_Dataset excerpts_

────────────────

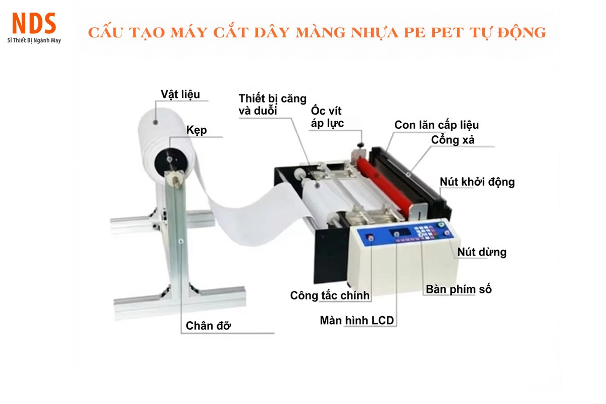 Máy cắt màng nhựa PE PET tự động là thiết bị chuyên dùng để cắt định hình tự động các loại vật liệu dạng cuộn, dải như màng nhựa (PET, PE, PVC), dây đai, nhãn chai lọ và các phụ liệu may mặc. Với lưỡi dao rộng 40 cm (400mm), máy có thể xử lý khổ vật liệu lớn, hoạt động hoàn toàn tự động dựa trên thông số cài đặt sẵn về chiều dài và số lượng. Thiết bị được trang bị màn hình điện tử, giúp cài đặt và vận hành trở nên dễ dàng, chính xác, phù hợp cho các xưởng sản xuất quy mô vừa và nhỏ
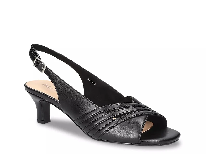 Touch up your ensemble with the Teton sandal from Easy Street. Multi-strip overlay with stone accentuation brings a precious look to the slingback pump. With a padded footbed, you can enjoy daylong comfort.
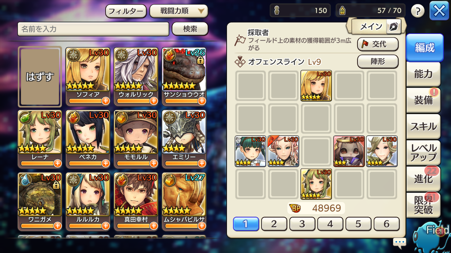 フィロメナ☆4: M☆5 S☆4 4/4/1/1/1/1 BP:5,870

────────────────

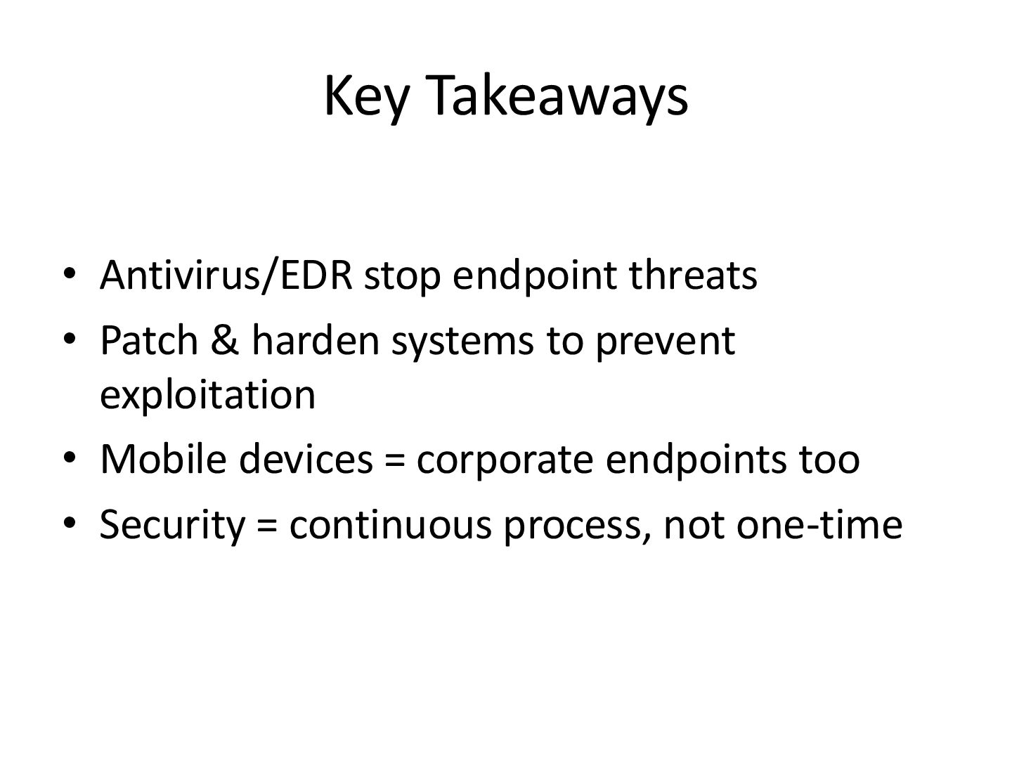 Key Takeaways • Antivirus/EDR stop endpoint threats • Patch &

────────────────

_Task directions_
Copy the lines above exactly, starting at the one with "Máy cắt màng" and ending at the one with "Touch up your", both included. Leave out any pictures and add nothing else.

_Answer space_
 Máy cắt màng nhựa PE PET tự động là thiết bị chuyên dùng để cắt định hình tự động các loại vật liệu dạng cuộn, dải như màng nhựa (PET, PE, PVC), dây đai, nhãn chai lọ và các phụ liệu may mặc. Với lưỡi dao rộng 40 cm (400mm), máy có thể xử lý khổ vật liệu lớn, hoạt động hoàn toàn tự động dựa trên thông số cài đặt sẵn về chiều dài và số lượng. Thiết bị được trang bị màn hình điện tử, giúp cài đặt và vận hành trở nên dễ dàng, chính xác, phù hợp cho các xưởng sản xuất quy mô vừa và nhỏ
 Touch up your ensemble with the Teton sandal from Easy Street. Multi-strip overlay with stone accentuation brings a precious look to the slingback pump. With a padded footbed, you can enjoy daylong comfort.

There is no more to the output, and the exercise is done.